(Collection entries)

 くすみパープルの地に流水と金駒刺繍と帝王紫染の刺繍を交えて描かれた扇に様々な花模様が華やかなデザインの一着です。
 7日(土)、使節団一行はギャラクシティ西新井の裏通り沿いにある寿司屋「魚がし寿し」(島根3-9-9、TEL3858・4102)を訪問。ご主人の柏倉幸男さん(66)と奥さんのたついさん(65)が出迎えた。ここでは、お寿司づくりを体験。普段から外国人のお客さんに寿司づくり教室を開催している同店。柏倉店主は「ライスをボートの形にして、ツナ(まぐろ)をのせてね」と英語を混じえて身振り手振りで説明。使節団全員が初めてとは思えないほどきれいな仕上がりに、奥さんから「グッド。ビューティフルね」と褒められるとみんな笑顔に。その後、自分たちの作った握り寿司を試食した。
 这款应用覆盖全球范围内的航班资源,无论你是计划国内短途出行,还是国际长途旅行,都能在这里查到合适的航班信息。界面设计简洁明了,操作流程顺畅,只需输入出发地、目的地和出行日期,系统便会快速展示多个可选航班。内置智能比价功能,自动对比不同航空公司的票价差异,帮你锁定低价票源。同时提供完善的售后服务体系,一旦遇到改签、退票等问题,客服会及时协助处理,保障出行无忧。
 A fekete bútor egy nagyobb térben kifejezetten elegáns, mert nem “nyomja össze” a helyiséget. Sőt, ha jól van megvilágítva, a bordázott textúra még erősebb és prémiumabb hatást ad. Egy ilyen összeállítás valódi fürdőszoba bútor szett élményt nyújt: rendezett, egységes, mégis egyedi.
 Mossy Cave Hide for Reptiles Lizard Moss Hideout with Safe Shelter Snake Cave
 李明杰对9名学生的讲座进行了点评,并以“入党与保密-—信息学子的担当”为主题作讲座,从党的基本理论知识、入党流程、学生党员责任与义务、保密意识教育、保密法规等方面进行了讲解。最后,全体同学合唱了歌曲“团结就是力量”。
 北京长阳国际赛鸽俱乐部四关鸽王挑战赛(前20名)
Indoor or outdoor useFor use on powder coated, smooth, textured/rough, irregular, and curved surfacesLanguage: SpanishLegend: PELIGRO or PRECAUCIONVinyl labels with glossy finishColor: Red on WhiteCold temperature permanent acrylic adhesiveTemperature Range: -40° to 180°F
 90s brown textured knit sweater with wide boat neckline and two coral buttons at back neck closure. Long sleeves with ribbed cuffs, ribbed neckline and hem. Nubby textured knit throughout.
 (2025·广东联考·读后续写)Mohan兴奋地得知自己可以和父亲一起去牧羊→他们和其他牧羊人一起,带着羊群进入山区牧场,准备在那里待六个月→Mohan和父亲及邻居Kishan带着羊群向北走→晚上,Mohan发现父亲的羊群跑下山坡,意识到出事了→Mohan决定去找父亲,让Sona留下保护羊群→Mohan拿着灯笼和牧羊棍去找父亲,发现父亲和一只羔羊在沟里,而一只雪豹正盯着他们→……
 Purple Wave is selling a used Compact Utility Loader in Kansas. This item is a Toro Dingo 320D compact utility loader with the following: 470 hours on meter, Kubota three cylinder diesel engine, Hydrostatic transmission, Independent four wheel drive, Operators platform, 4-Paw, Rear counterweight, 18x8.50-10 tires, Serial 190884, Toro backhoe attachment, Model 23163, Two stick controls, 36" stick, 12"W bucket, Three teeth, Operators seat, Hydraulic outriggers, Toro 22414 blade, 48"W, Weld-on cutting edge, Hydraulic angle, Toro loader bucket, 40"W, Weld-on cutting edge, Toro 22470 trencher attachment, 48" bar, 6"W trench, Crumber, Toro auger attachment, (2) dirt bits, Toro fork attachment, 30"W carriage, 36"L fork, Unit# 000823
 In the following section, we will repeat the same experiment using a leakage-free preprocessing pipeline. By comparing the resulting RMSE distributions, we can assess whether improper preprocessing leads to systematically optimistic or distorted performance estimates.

→ **AIM OF THE TASK**:
Copy the lines above exactly. Start with the line containing "Mossy Cave Hide", end with the line containing "Indoor or outdoor", and include both.

→ **EXPECTED ANSWER**:
 Mossy Cave Hide for Reptiles Lizard Moss Hideout with Safe Shelter Snake Cave
 李明杰对9名学生的讲座进行了点评,并以“入党与保密-—信息学子的担当”为主题作讲座,从党的基本理论知识、入党流程、学生党员责任与义务、保密意识教育、保密法规等方面进行了讲解。最后,全体同学合唱了歌曲“团结就是力量”。
 北京长阳国际赛鸽俱乐部四关鸽王挑战赛(前20名)
Indoor or outdoor useFor use on powder coated, smooth, textured/rough, irregular, and curved surfacesLanguage: SpanishLegend: PELIGRO or PRECAUCIONVinyl labels with glossy finishColor: Red on WhiteCold temperature permanent acrylic adhesiveTemperature Range: -40° to 180°F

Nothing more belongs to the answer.